Lakos-Bujas’ team also anticipates higher shareholder payouts and looser fiscal policy under potential legislative easing, which could attract investors. They added that earnings growth linked to deregulation and AI-driven productivity gains remains "underappreciated."

However, they caution that this AI-driven expansion is unfolding in a "K-shaped, bifurcated economy," creating a "winner-takes-all" market—a potential downside. "In such an environment, broad sentiment indicators may remain prone to sharp swings, as seen this year and recently," they noted.

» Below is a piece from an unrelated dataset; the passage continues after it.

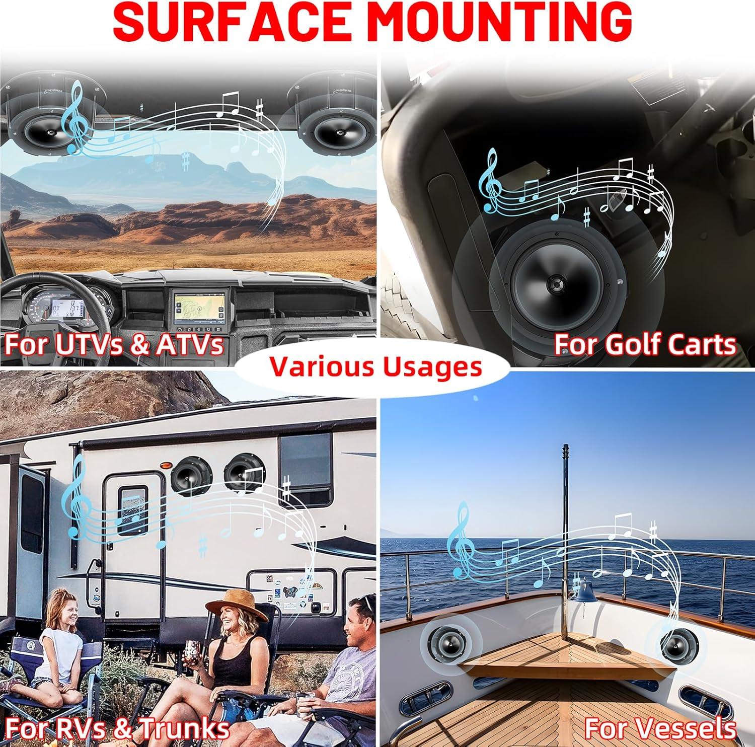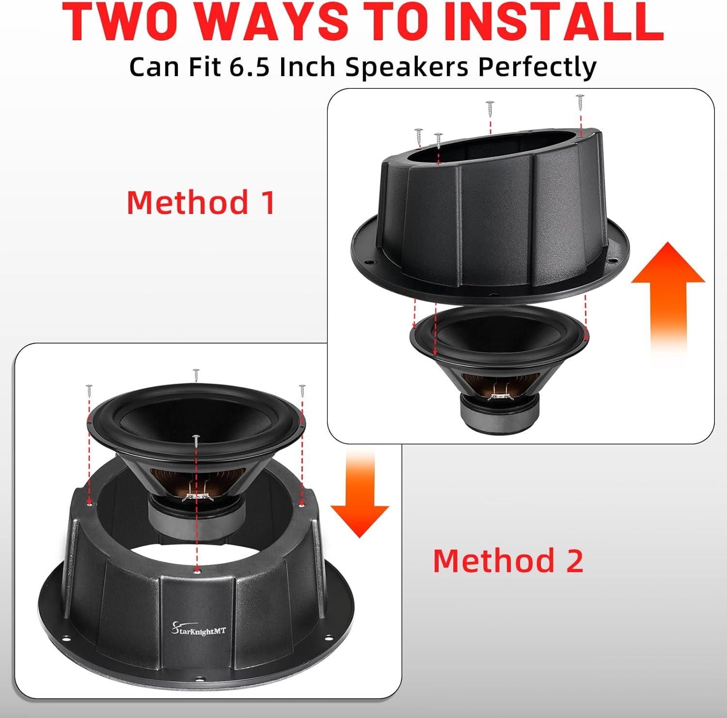 Design For 6.5″ Speakers: This 6.5-inch Speaker Mount Pods is installed by surface mounting, which has enough depth and width to fit your 6.5-inch speakers, and you can use it on your RVs, trunks, trailers, boats, cars, UTVs, golf carts, jeeps, and any surfaces such as door panel

Next year’s market dynamics, they argue, will resemble 2025’s, with continued extreme crowding and record concentration in this year’s top performers.

Beyond AI, strategic resource stocks—such as rare earths and uranium—should maintain momentum amid U.S.-China competition, supply chain diversification, and AI’s energy demands. Deregulation could also spur new opportunities in finance, housing supply chains, and energy, while tariff-sensitive stocks may offer tactical plays.

Investors are advised to exercise caution, as market conditions remain volatile.